- **WHAT IS EXPECTED**
Scan the entries below line by line and state how many lines contain the string "Wissenschaft", giving only the number.

- **GIVEN DATA**
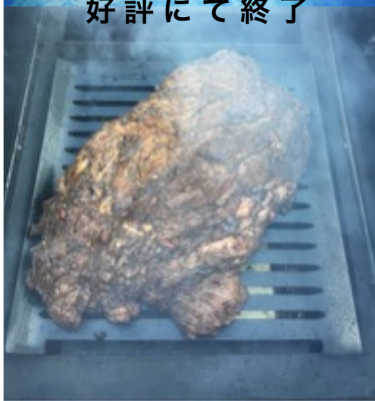
ブリスケット (ポイント) 3kg

「つながうう吹張」ということで、今年も「納涼祭」を開催することが出来ました。台風20号の接近で天気が心配でしたが、朝方の小雨も午後からはあがり準備をしました。午後4時からの開催ということでしたので、朝5時にはメインも3kgのお肉のために窯に薪を焚きました。午後5時頃には町内の皆様も集まりだしテントの中での懇親会が始まりました。前日仕込みのピザ生地にも旬の野菜とピザも焼きました。皆様の話もありあがり最高の懇親会となりました。お肉も思い通りの柔らかさと味付けになり、皆様には大変満足して頂いたようでした。
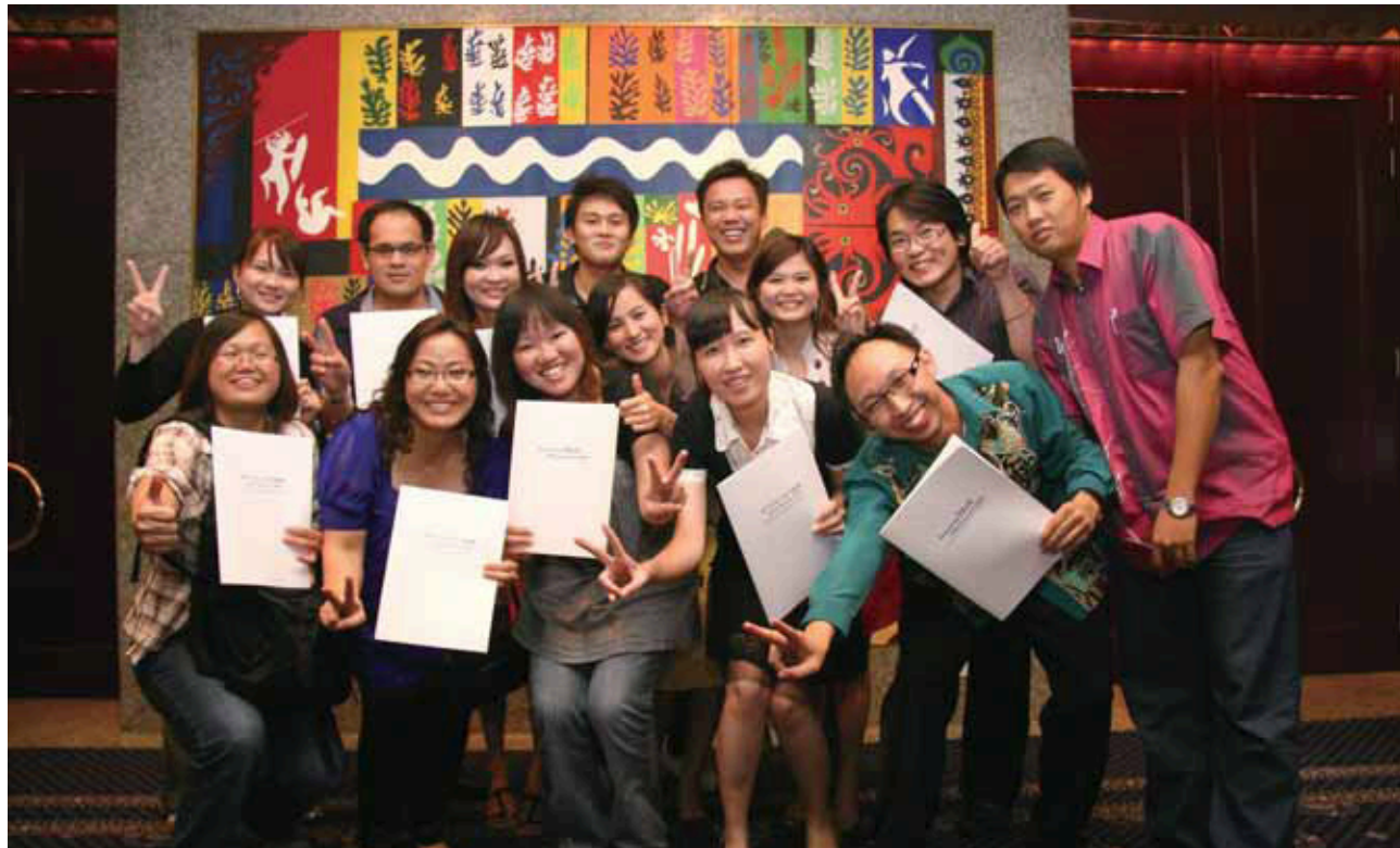
▼ 星洲媒體集團得獎單位於2009年度肯雅蘭蜆殼新聞獎頒獎禮合照。
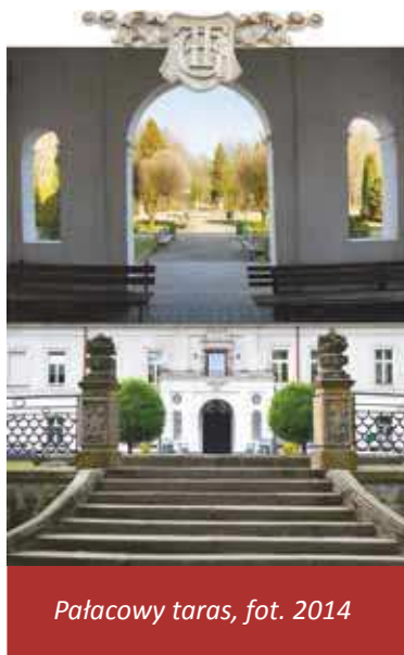
Pałacowy taras, fot. 2014

Sam taras, w kształcie jakim go oglądamy, powstał stosunkowo późno, bo dopiero w 1896 roku. Z tego też okresu pochodzi jego ozdobne, metalowe ogrodzenie i kamienna fontanna. Za fontanną znajdują się kamienne schody prowadzące do parku. Zejdźmy nimi na dół.
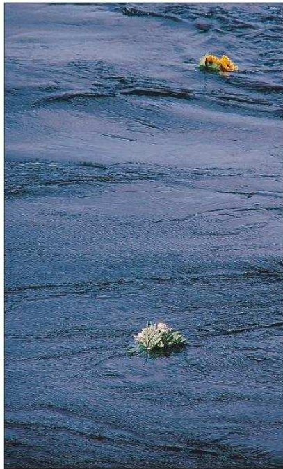
Blumengebinde erinnern an den schmerzlichen Verlust.
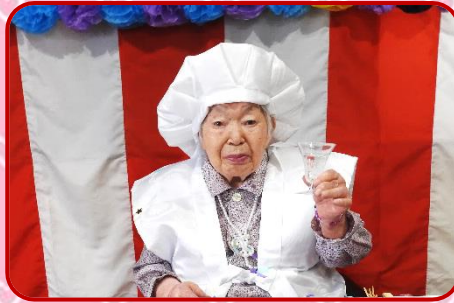
お誕生日おめでとうございます！乾杯～！！
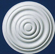
Fatime Ø 33 cm
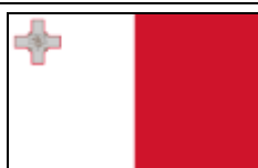
Malte - Malta
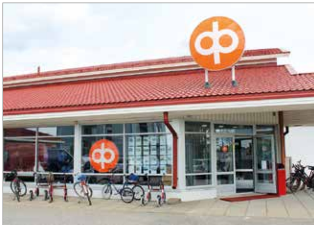
OP Oulu lin konttori sijaitsee Kirkkotiellä lin keskustassa.
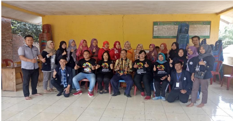
Gambar 3. Pengumuman Pemenang dan Penutupan Perlombaan BKKBN
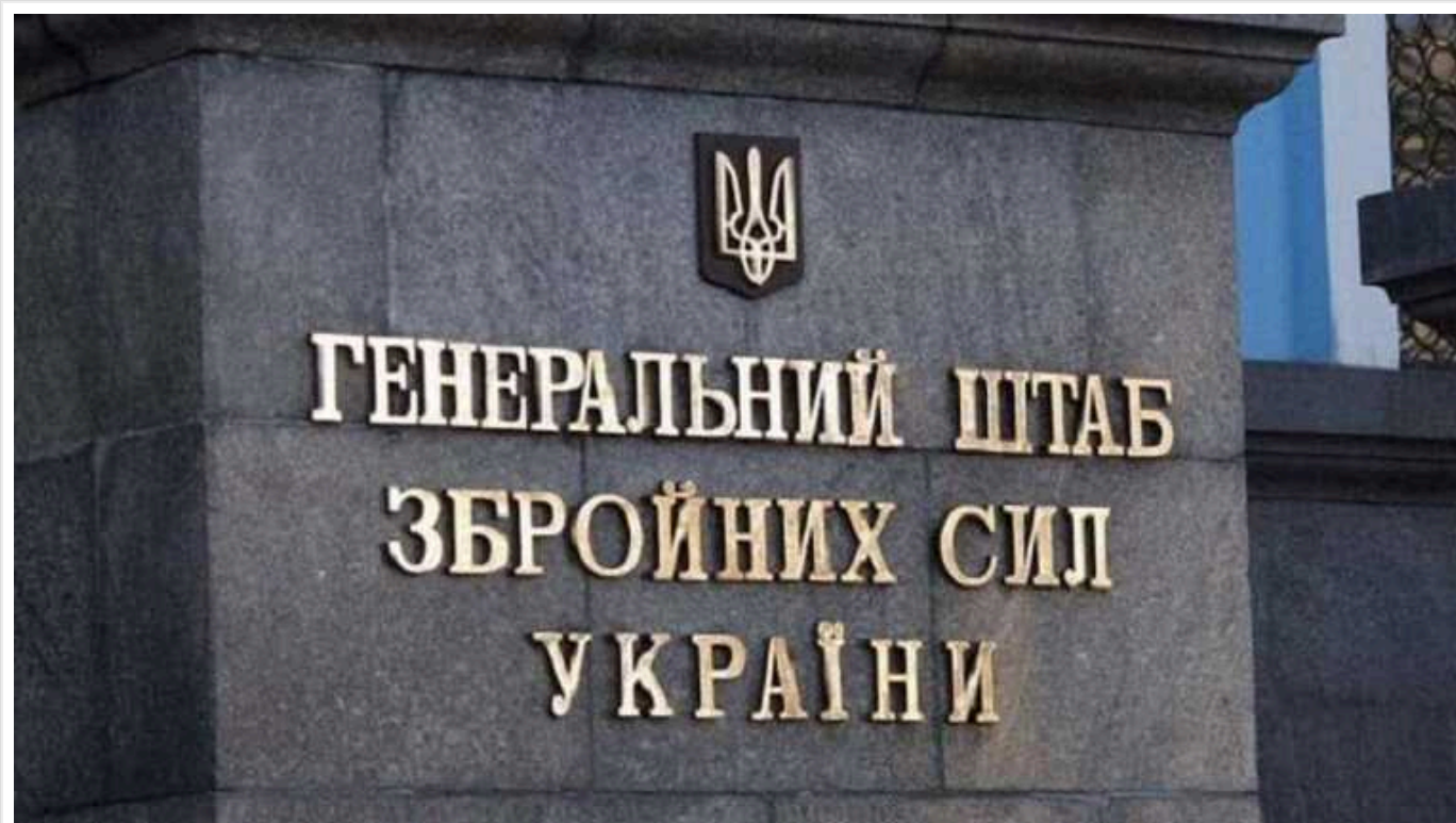
Генштаб України офіційно розшифрував цифри втрат окупантів у живій силі, які він дає у своїх щоденних зведеннях

Ці втрати не лише вбитими, а й пораненими (нагадаємо, до серпня 2023 року ГШУ заявляв, що до цифри входить лише "ліквідований" особовий склад, але потім змінив формулювання, коли цифра перевищила 255 тисяч осіб).
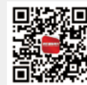
纺织服装周刊 今日头条号
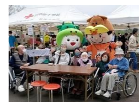
ちゃちゃもふっきー
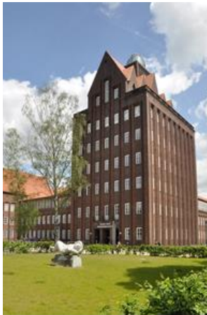
Haus der Wissenschaft

Für Verwaltungsangelegenheiten müssen Sie zum Hauptcampus in die Pockelsstraße fahren oder gehen. Dort finden Sie, wenn Sie durch den Haupteingang im Haus der Wissenschaft gehen, im Erdgeschoss auf der linken Seite das Studienservice-Center der Universität. Sie finden dort während der Servicezeiten Ansprechpersonen aus verschiedenen Beratungseinrichtungen (Immatrikulationsamt, International House, Zentrale Studienberatung, Students@work, Agentur für Arbeit, Sozialberatung & Hochschulsportzentrum). Dort erhalten Sie auch das Willkommens-Paket .
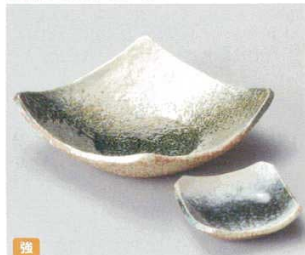
04035-559 緑川ひし形7.0鉢 2,750円 40人 (21.3×19.8×5.4cm) 04036-559 緑川正角3.0皿 750円 150人 (8.6×8.6×2.4cm)
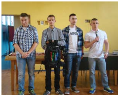
Zwycięski zespół prezentuje kolegom swój projekt
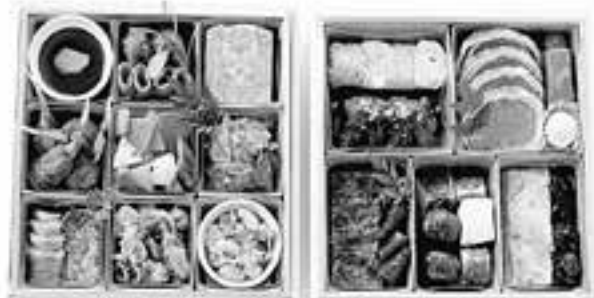
重慶飯店 中華おせち 二程重 ¥31,500 ※一程重 ¥21,000 もご利用しております。(現金・送付可)

- **RESULT FOR THIS EXERCISE**
2